- _WHAT YOU HAVE TO DO_: Starting with the line that holds "Discourses on Domestick", reproduce each line through the last one of the data, exactly as written. Pictures are not copied.

- _SUPPLIED MATERIAL_:
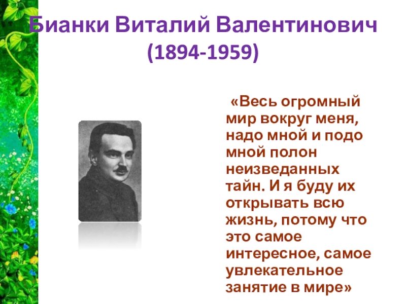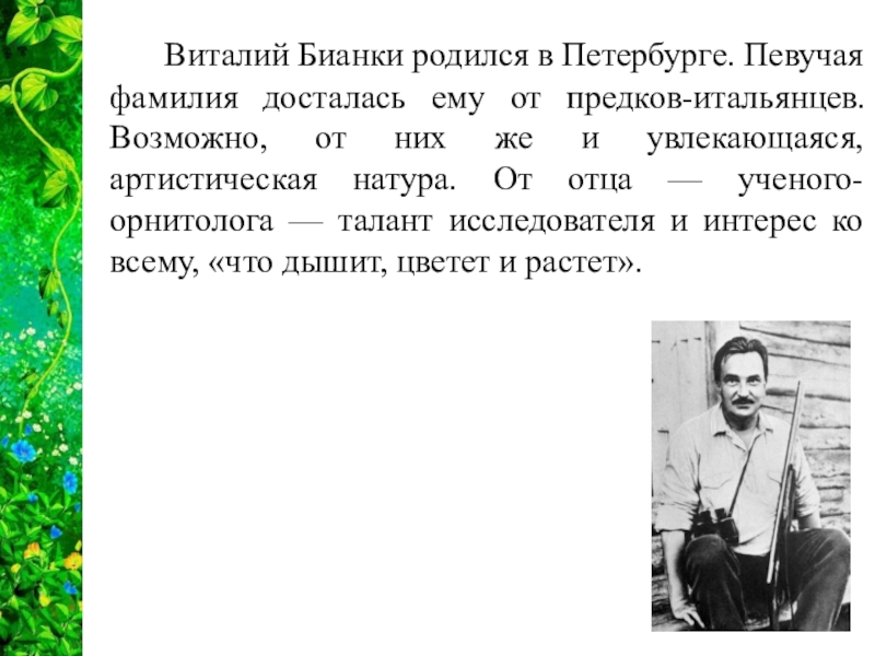Слайд 4 Виталий Бианки родился в Петербурге. Певучая фамилия досталась ему от предков-итальянцев.
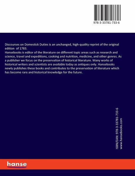 Discourses on Domestick Duties is an unchanged, high-quality reprint of the original edition of 1783.
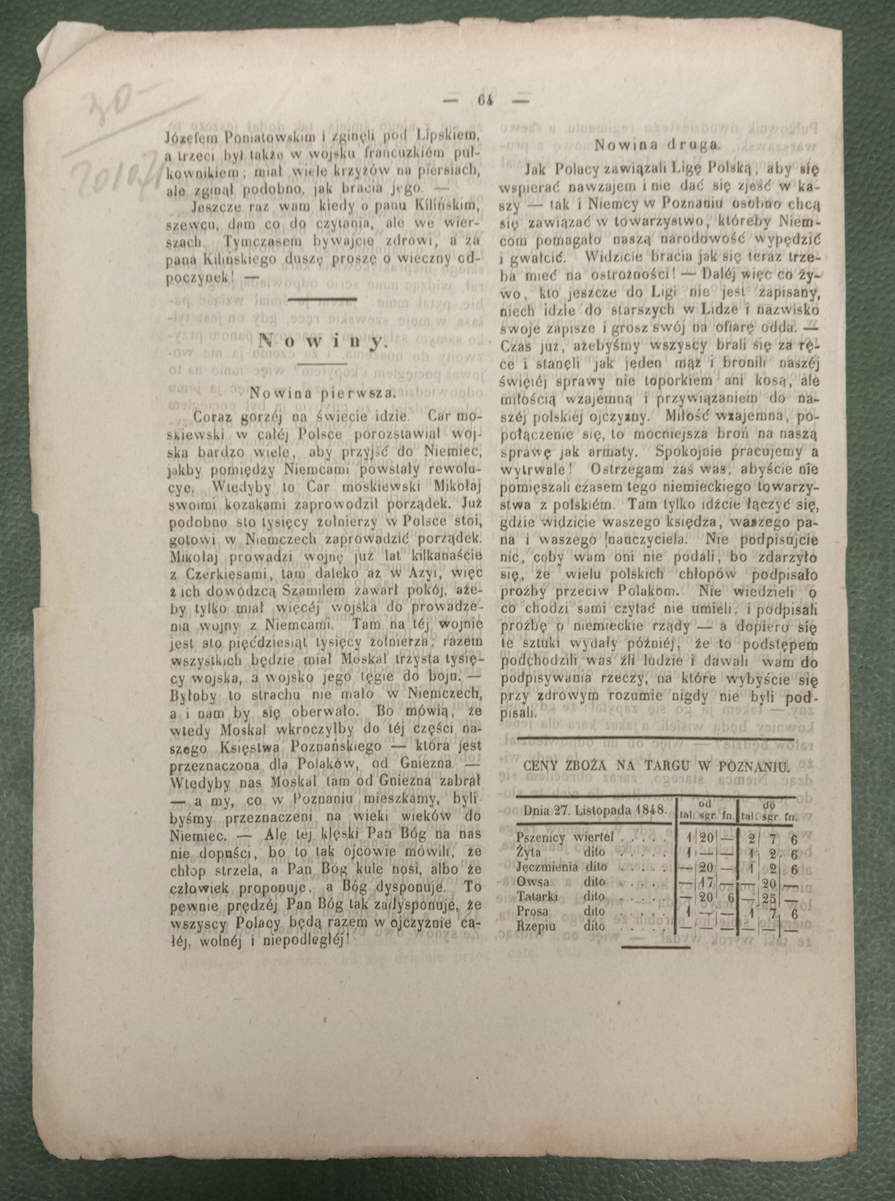 Czasopismo [wychodziło w środy i soboty, w okresie 4.10.1848-29.06.1850], str. 61-64 (ciągła paginacja w roczniku), format 26 x 19 cm.

- _FINISHED TASK_:
 Discourses on Domestick Duties is an unchanged, high-quality reprint of the original edition of 1783.
 Czasopismo [wychodziło w środy i soboty, w okresie 4.10.1848-29.06.1850], str. 61-64 (ciągła paginacja w roczniku), format 26 x 19 cm.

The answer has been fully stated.